Fifth, we need to focus more rigorously on the results we are delivering and the costs we are incurring to do so. We need to make sure we are spending aid to the maximum effect. This is not just the longer term policy and system changes we aim to promote. But hard facts about what the immediate outputs are from our aid programmes.

And sixth, we need to become more transparent and accountable. Both to UK taxpayers who pay our bills, and the people for whose benefit we work. Publishing our results is a part of this. But also enabling people to check what we plan to do, whether it offers value for money, whether we achieve it and what we are doing to put things back on course when they go wrong.

What about DFID’scommitment to Africa?

The UK wants Africa to develop and prosper. We think we have a moral responsibility to support your development. But we think it is good for us too.

Two thirds of the financial and professional resources available to DFID are allocated to Africa. Between 2011 and 2015 we will finance a basic education for millions of girls and boys across the continent. We will help put in place the beginnings of a social safety net for more countries, directly financing modest cash transfers to relieve the most acute poverty of several million people. We will distribute at least thirty million bed nets protecting countless women and young children from the deadly threat of malaria. We will support five million children and pregnant women to free them from malnutrition.

But we will also finance programmes on a growing scale to accelerate economic growth. To help you improve governance and accountability. To support regional economic integration.

And we want to retain a particularly strong collaboration with Uganda. For more than 20 years this country has been in the vanguard of economic reform and poverty reduction across the continent. DFID has tried to help as you have pioneered progress. You were among the first countries to promote universal primary education. And in 1997 in support of that we gave you what was then our largest grant to Africa, £67m for the education sector support programme.
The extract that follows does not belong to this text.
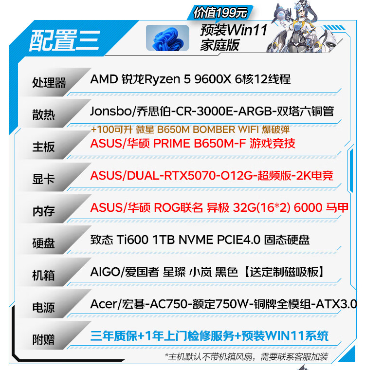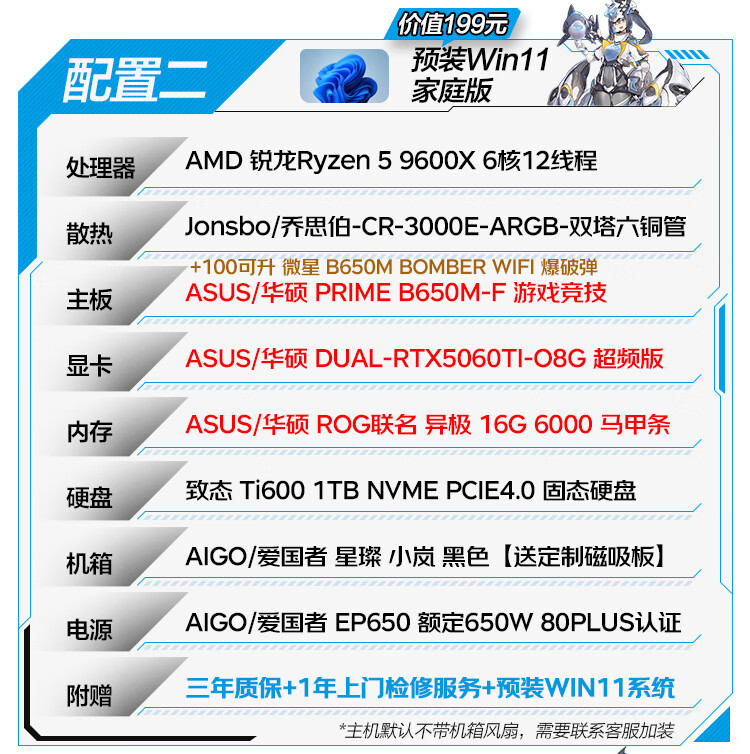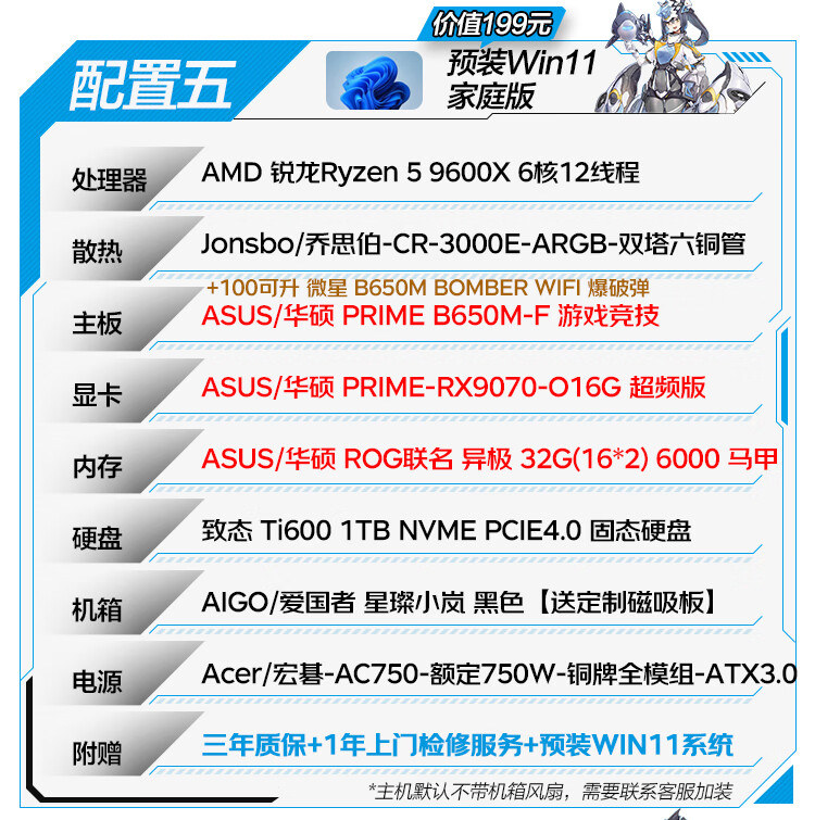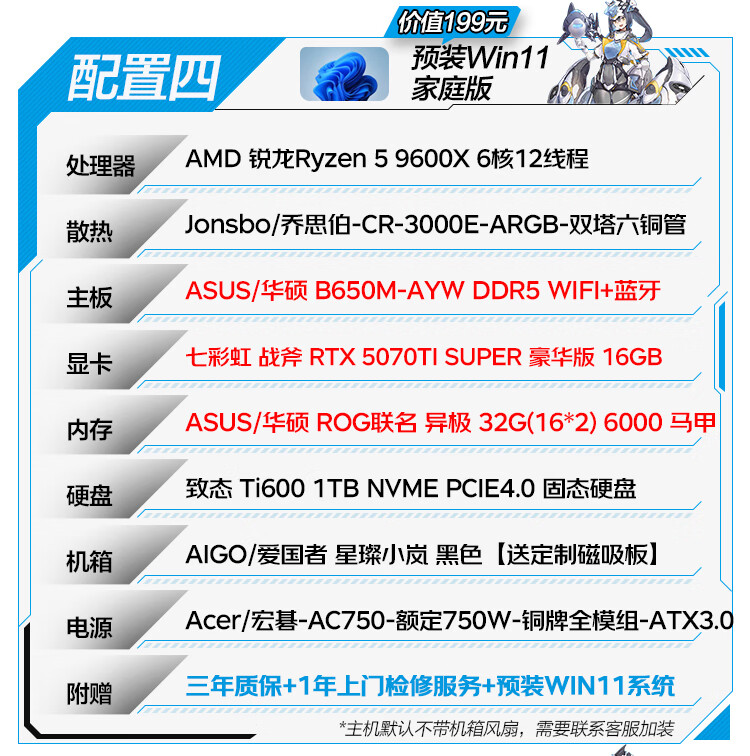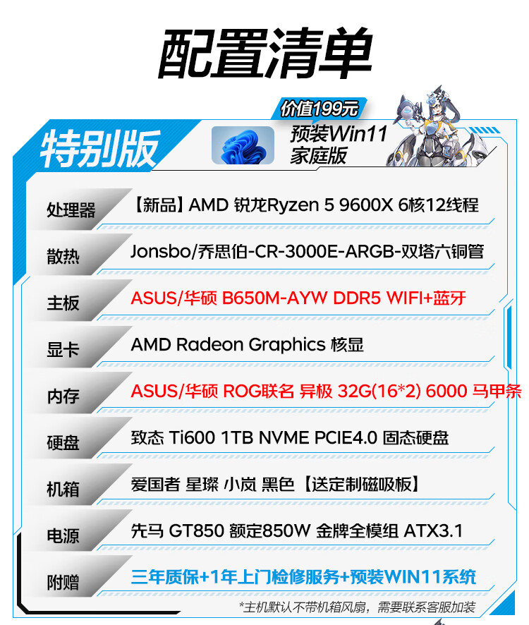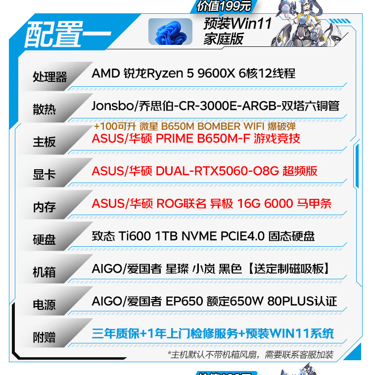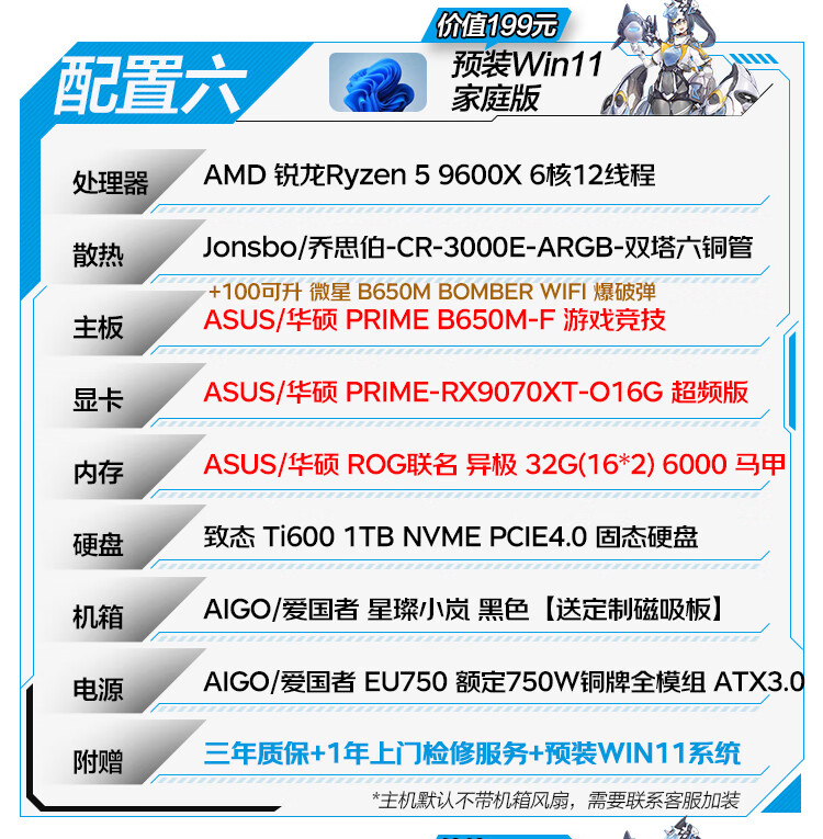 ASUS family bucket R5 9600X host RTX5060TI host ROG Helios host water-cooled game live broadcast 4K rendering modeling assembly computer game console with one R5 9600X+RTX5060

This was the first country in which we provided general budget support in its modern form, with the grant we agreed in 1999.

We are proud of the progress you have made and pleased to have played a part in supporting it.
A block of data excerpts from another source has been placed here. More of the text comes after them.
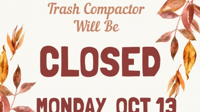 City Hall and the Trash Compactor will be closed on Monday, October 13, 2025 for Columbus Day / Indigenous people day.
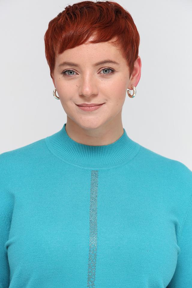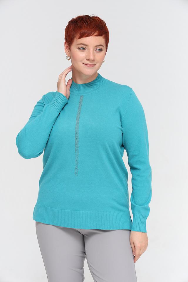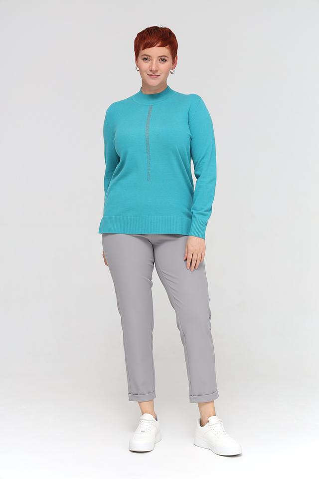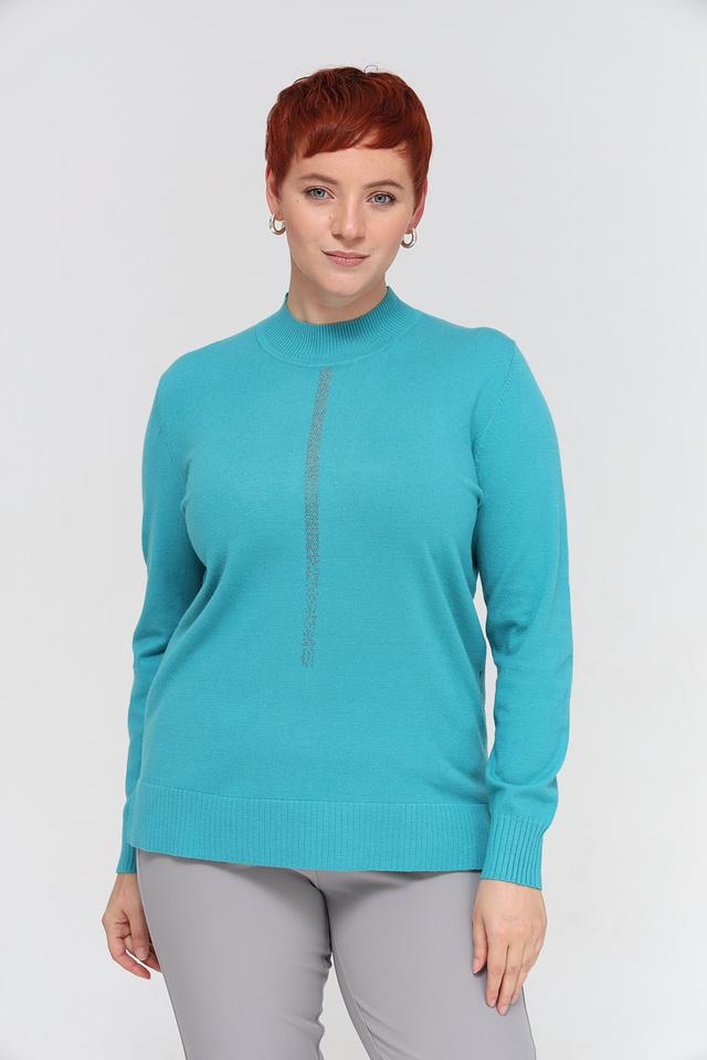 Женский пуловер Barbara Lebek бирюзового цвета с декоративной вертикальной вставкой из страз. Модель выполнена из мягкого трикотажа с высоким горлом и длинными рукавами, идеально подходит для создания стильного и комфортного образа. Состав: полиакрил 30%, полиэстер 29%, модал 21%, полиамид 20%
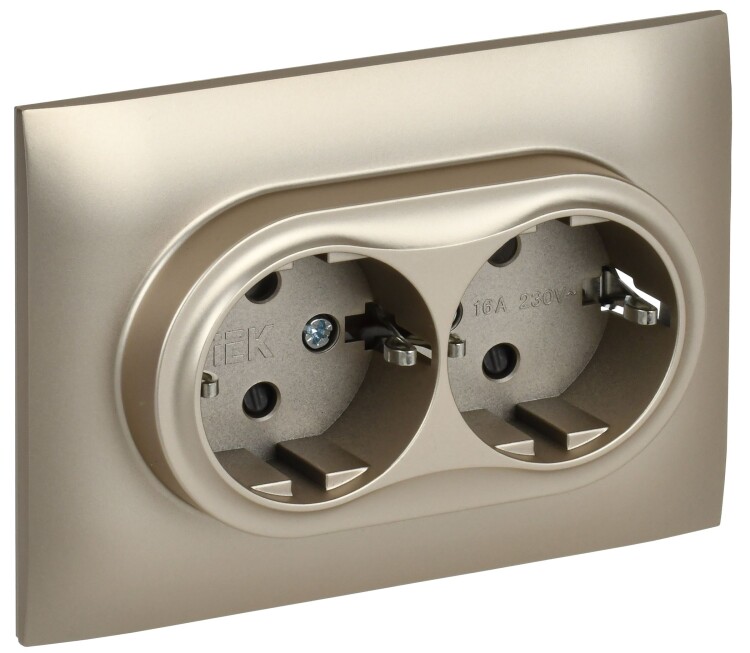 SKANDY Розетка 2-местная с заземлением с защитными шторками 16А в сборе SK-R07Sh шампань IEK
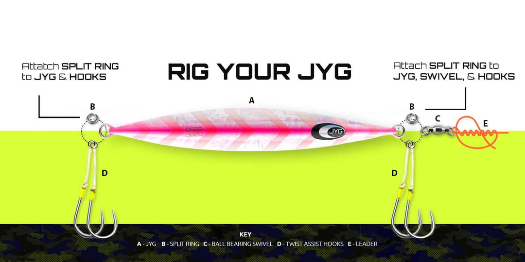 This is how we recommend you rig our JYGs for slow pitch jigging.
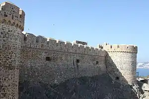 Castillo de San Miguel is a castle located in Almuñécar, in the province of Granada, Spain. It is bounded by the remains of the original city walls. The castle sits on a small hill, which is difficult to access. The original fortifications date of 1st century B.C. During the Moorish occupation, the castle was enlarged to include 40 towers and three gates.[1] It has a wide moat and a drawbridge. Parts of the building are topped with battlements of pyramid shape. The keep, which was on the inside, is demolished. It was declared a Bien de Interés Cultural monument in 1993. There is a small museum within the castle grounds.
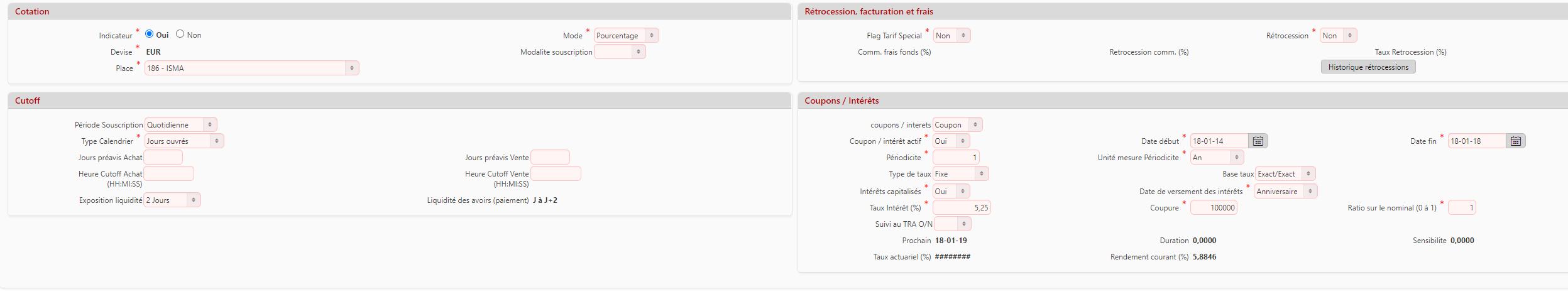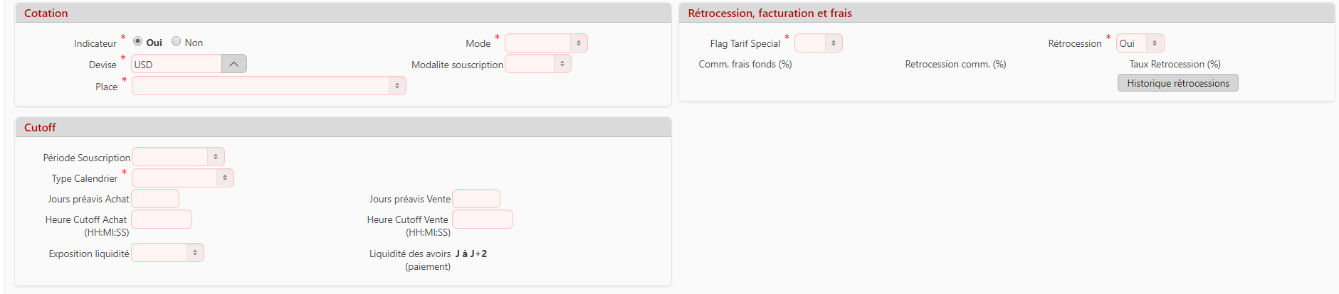 L'indicateur de Retrocession (Oui / Non): indique si une Commission sur encours est applicable à cette valeur. S'il existe une commission (Oui) alors il est nécessaire de renseigner les informations complémentaires suivantes

Our development programme now is larger than it has ever been. You will know that we have currently frozen direct financial aid to the Government of Uganda. We had good reason to believe that some of the money we were providing was being stolen. We hope the freeze will not last long. We want stolen money returned. We think it is important that administrative and criminal sanctions are taken against perpetrators.

It is important to note that the problems we have encountered have been uncovered by the people and institutions of Uganda. It is not just us who want them sorted out. Much more importantly, it is the people of Uganda who want corruption tackled.

It is also important to note that the current freeze affects £11m, or about 10% of our support to Uganda in the current year. The vast bulk of our collaboration, in areas like regional trade, financial services, family planning, malaria and social protection continues as previously.

So please rest assured that Britain remains committed to transforming the lives of those twenty million Ugandans who, according to the latest National Poverty Status report, still live below the international poverty line.

The Uganda Vision 2040 includes a quote from Seneca:

Our plans miscarry because they have no aim. When a man does not know what harbour he is making for, no wind is the right wind”.

These are sentiments I share. But our plans need not miscarry - we know where we are going. The new global age brings with it a new global order and by working together, differently, we can ensure Africa’s time is now.